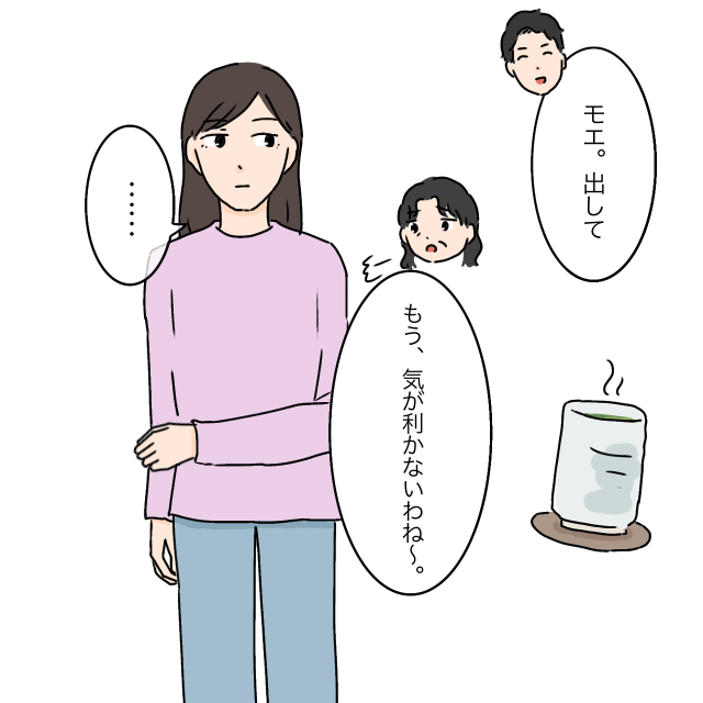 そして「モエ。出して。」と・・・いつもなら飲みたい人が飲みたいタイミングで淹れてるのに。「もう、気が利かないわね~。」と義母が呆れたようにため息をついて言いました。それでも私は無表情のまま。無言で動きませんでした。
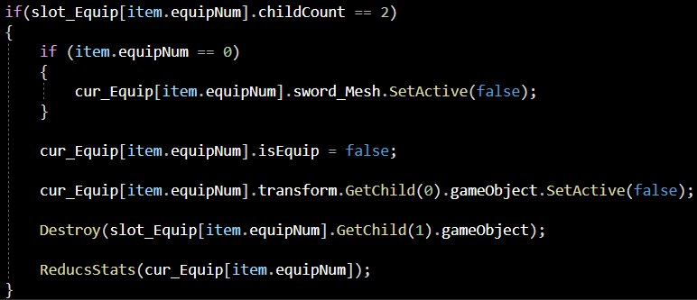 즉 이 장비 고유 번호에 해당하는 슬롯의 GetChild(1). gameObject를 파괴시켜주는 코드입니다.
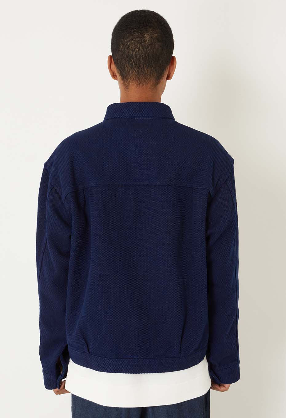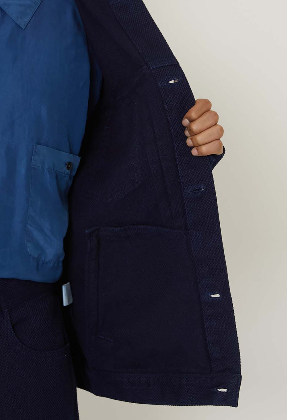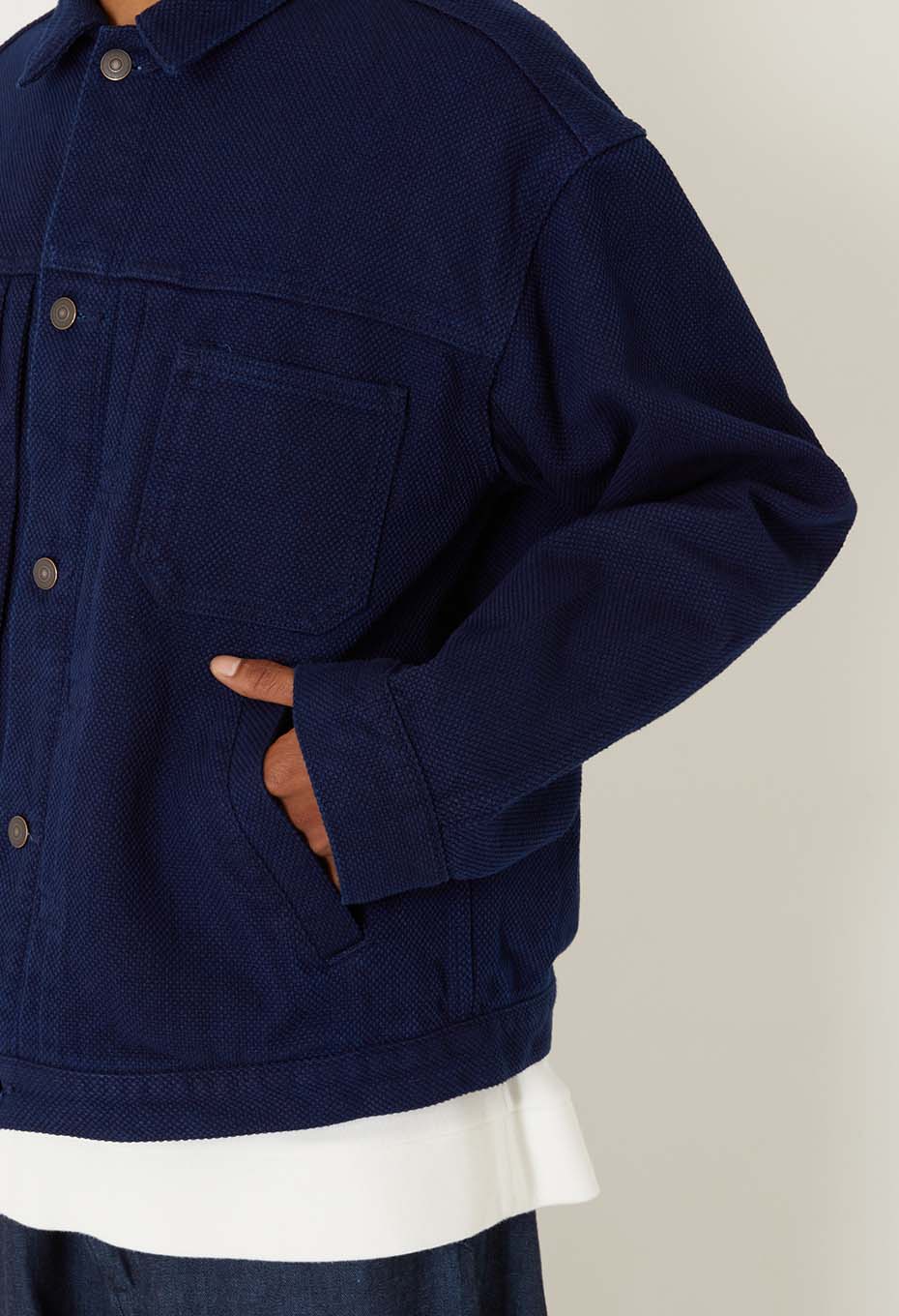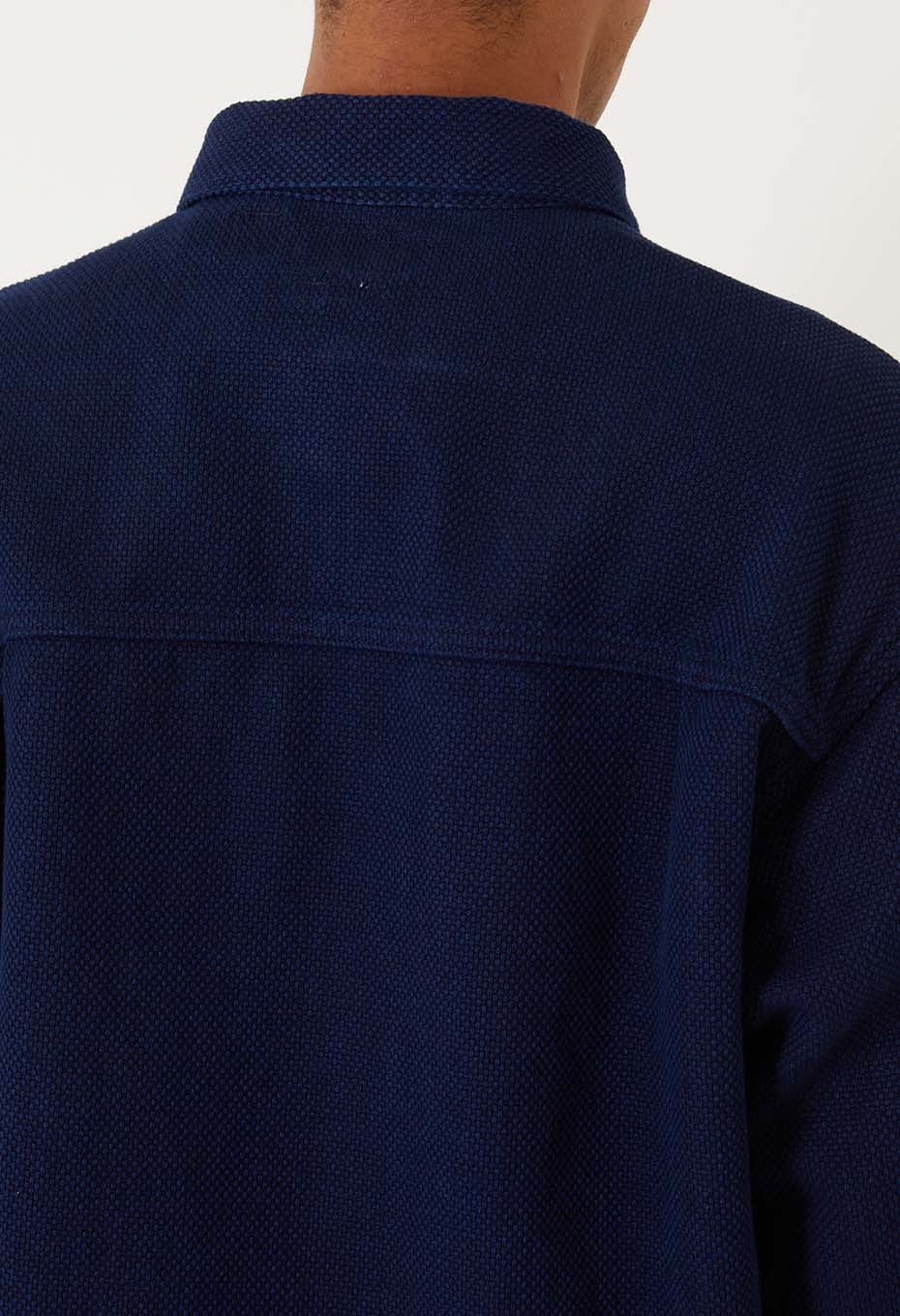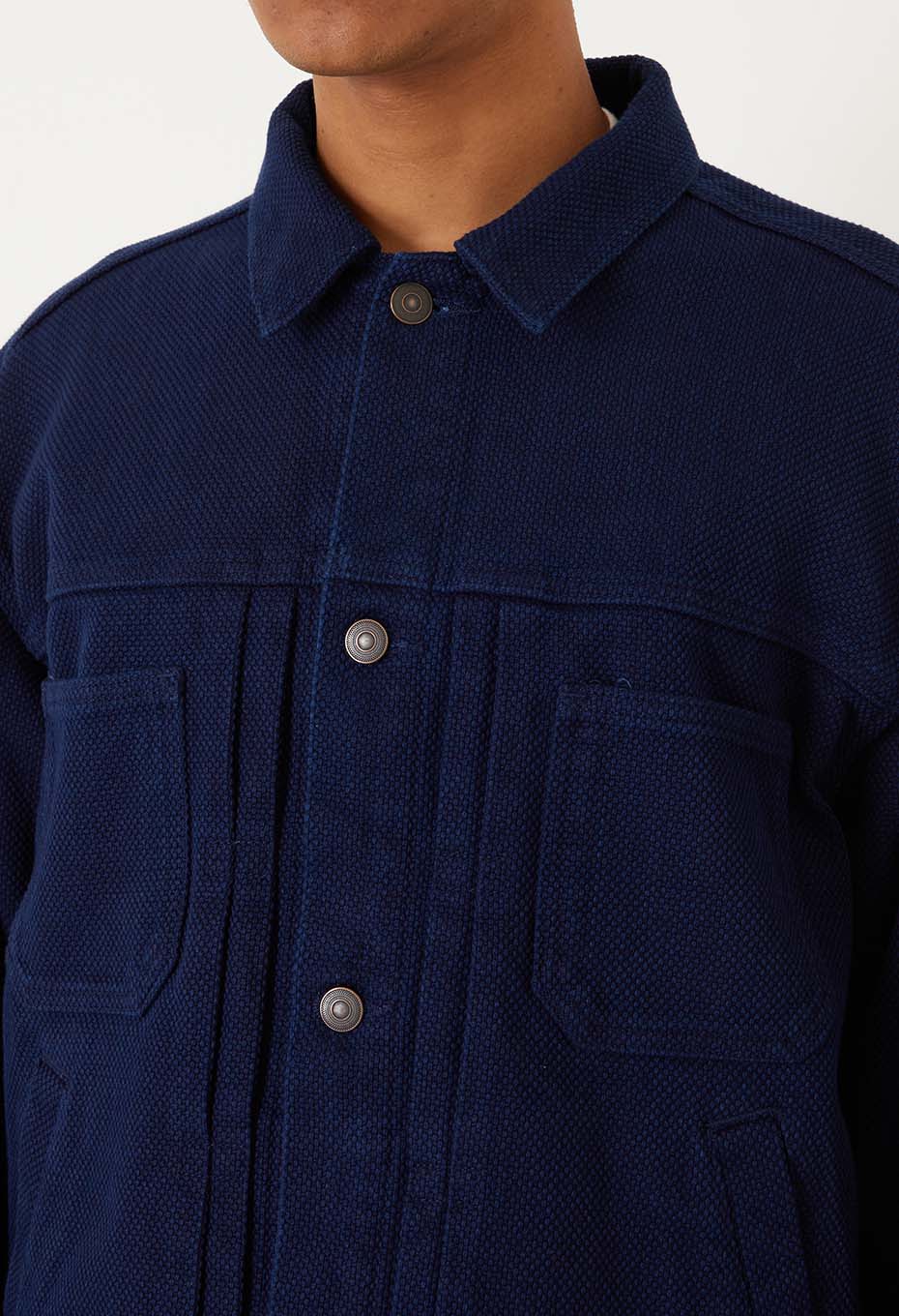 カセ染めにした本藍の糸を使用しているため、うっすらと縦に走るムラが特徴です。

---

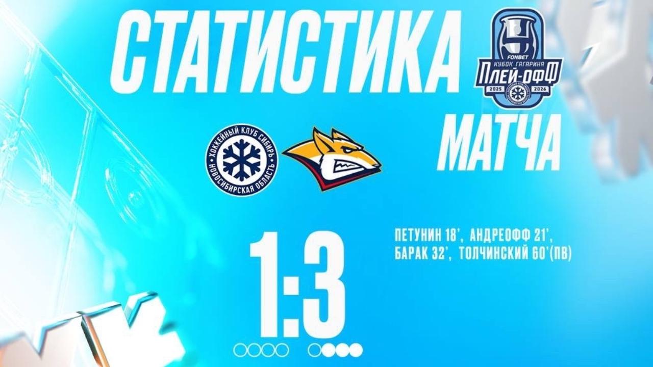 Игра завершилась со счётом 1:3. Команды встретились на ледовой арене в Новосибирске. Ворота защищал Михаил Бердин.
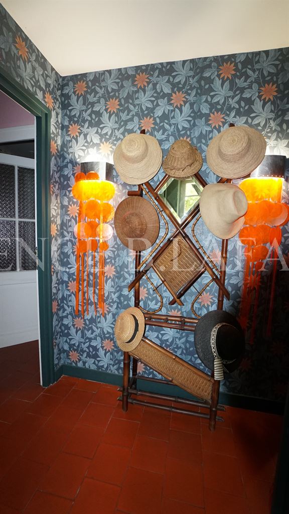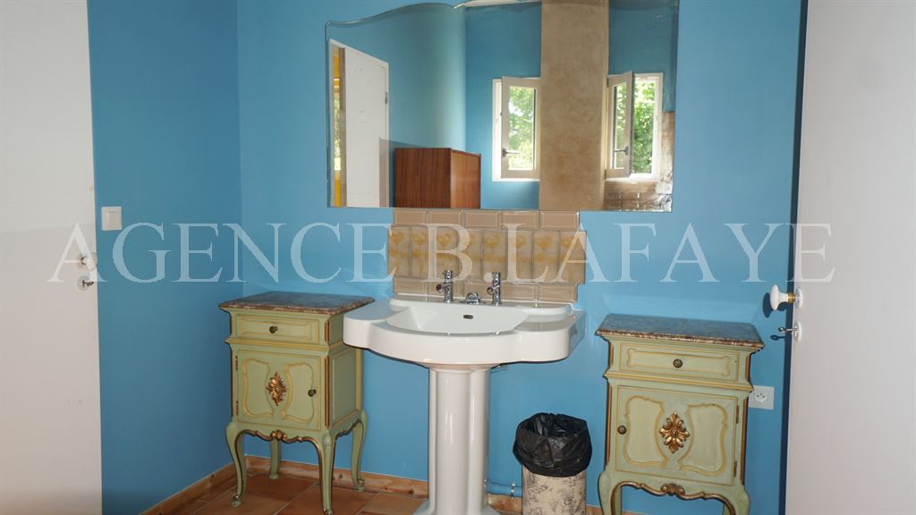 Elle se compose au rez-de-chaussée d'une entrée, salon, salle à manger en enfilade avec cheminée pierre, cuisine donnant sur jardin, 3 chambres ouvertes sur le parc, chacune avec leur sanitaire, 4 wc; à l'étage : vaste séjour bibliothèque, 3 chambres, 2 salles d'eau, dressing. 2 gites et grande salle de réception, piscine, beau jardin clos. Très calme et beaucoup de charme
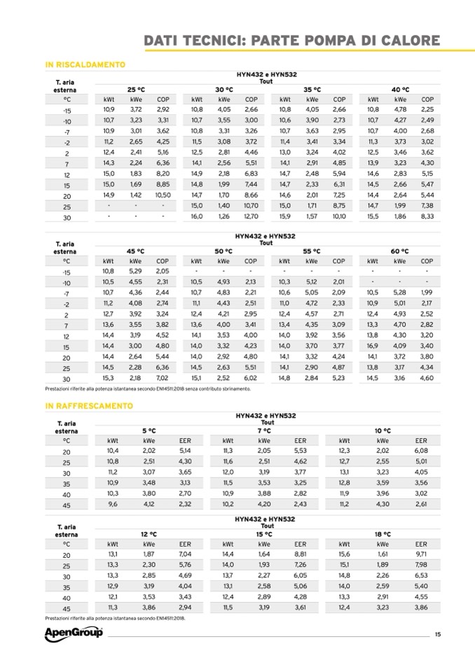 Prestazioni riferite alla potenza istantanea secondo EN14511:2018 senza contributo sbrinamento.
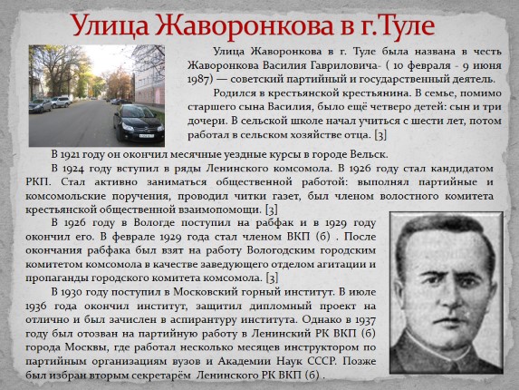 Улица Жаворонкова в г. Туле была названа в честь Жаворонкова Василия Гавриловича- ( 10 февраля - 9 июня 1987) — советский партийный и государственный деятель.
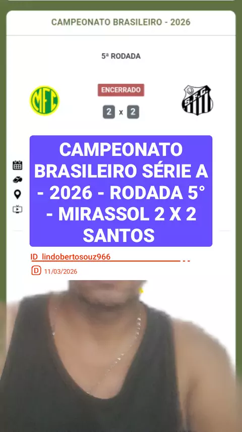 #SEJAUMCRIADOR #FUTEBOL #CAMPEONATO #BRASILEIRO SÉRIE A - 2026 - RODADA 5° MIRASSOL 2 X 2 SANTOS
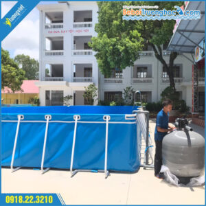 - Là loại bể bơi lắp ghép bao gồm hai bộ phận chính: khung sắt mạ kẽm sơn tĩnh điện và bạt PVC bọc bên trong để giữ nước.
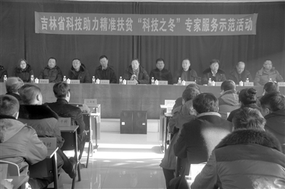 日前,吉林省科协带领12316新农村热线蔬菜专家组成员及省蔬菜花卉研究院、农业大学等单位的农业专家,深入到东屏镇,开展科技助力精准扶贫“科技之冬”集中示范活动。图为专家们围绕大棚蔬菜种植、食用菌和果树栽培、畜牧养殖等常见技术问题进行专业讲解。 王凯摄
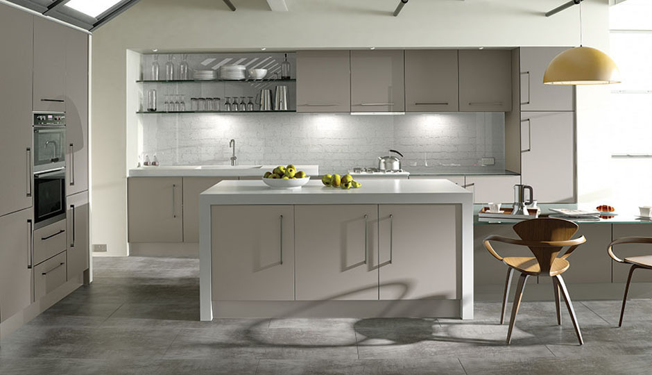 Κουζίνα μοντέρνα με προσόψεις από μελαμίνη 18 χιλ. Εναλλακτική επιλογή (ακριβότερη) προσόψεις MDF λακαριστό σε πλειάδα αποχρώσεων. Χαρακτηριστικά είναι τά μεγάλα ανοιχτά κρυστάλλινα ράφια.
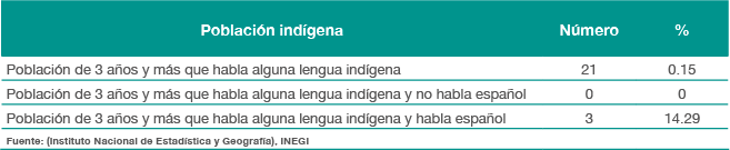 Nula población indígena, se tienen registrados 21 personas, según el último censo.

---

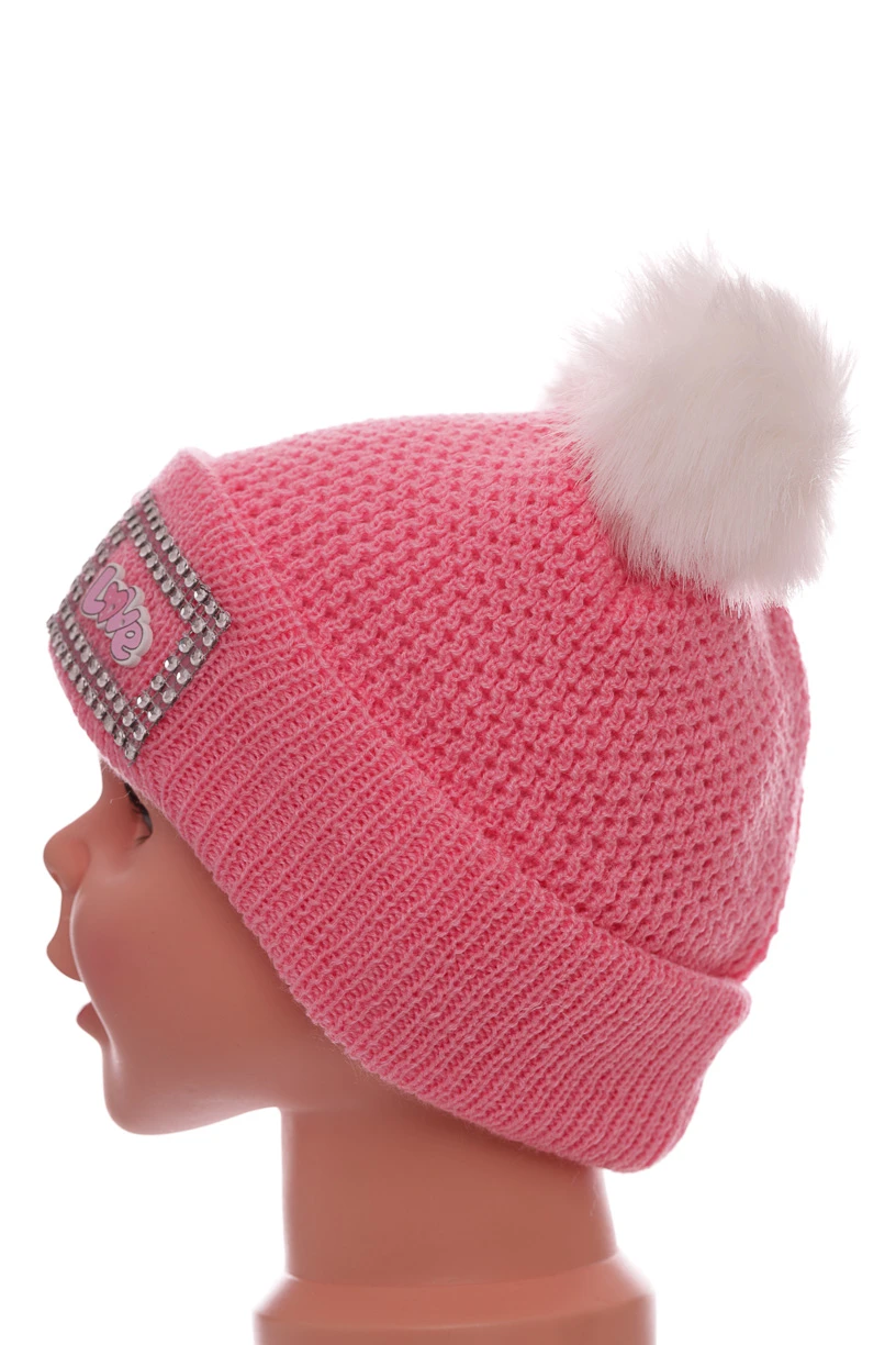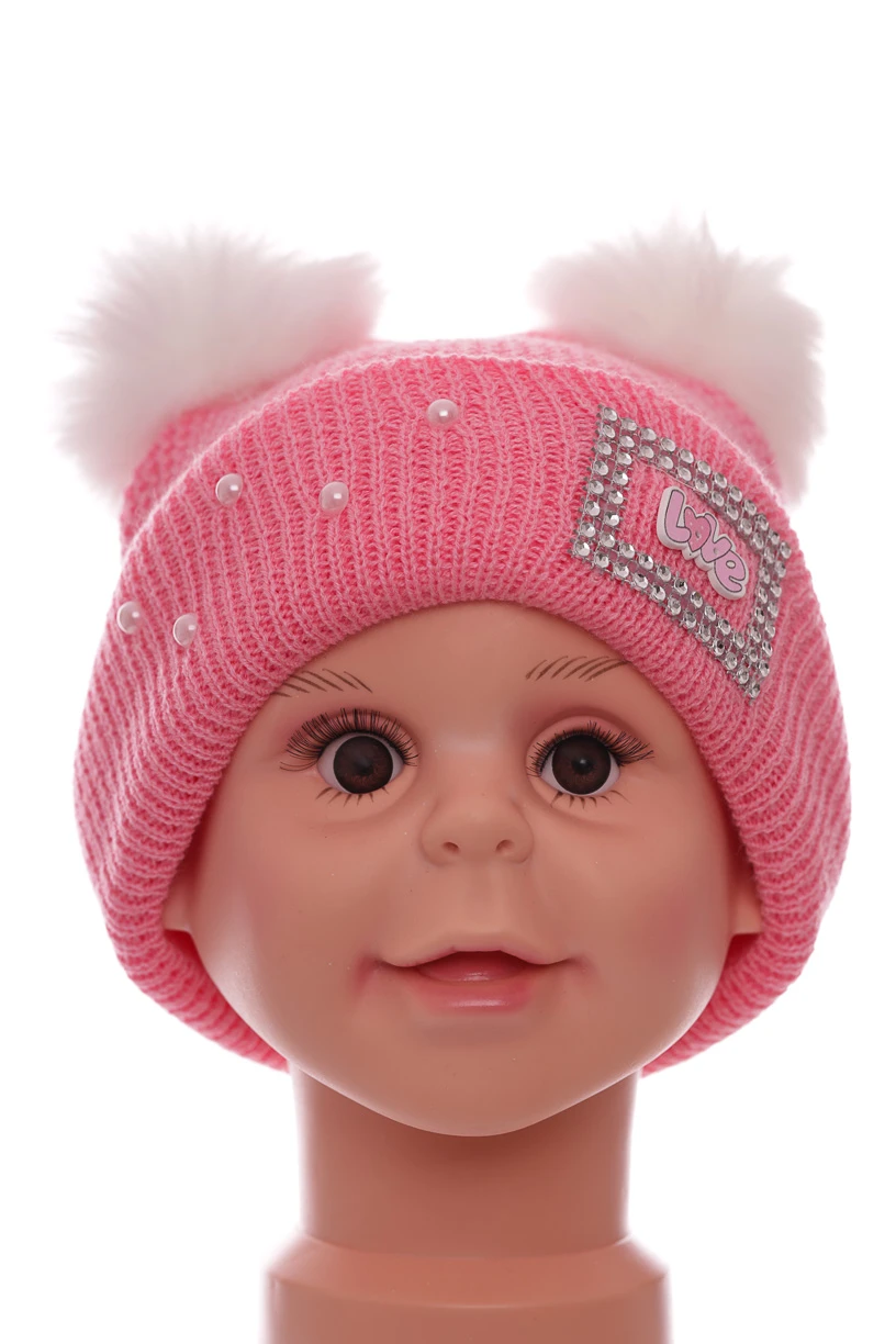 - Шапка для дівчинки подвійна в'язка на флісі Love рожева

---

# THE PROBLEM:
Here the job is to copy the listing above word for word, starting at the line with "そして「モエ。出して。」と・" and ending at the line with "カセ染めにした本藍の糸を使用しているため、うっすらと縦に走るムラが特徴です。", and to leave out the pictures.

# REPLY:
 そして「モエ。出して。」と・・・いつもなら飲みたい人が飲みたいタイミングで淹れてるのに。「もう、気が利かないわね~。」と義母が呆れたようにため息をついて言いました。それでも私は無表情のまま。無言で動きませんでした。
 즉 이 장비 고유 번호에 해당하는 슬롯의 GetChild(1). gameObject를 파괴시켜주는 코드입니다.
 カセ染めにした本藍の糸を使用しているため、うっすらと縦に走るムラが特徴です。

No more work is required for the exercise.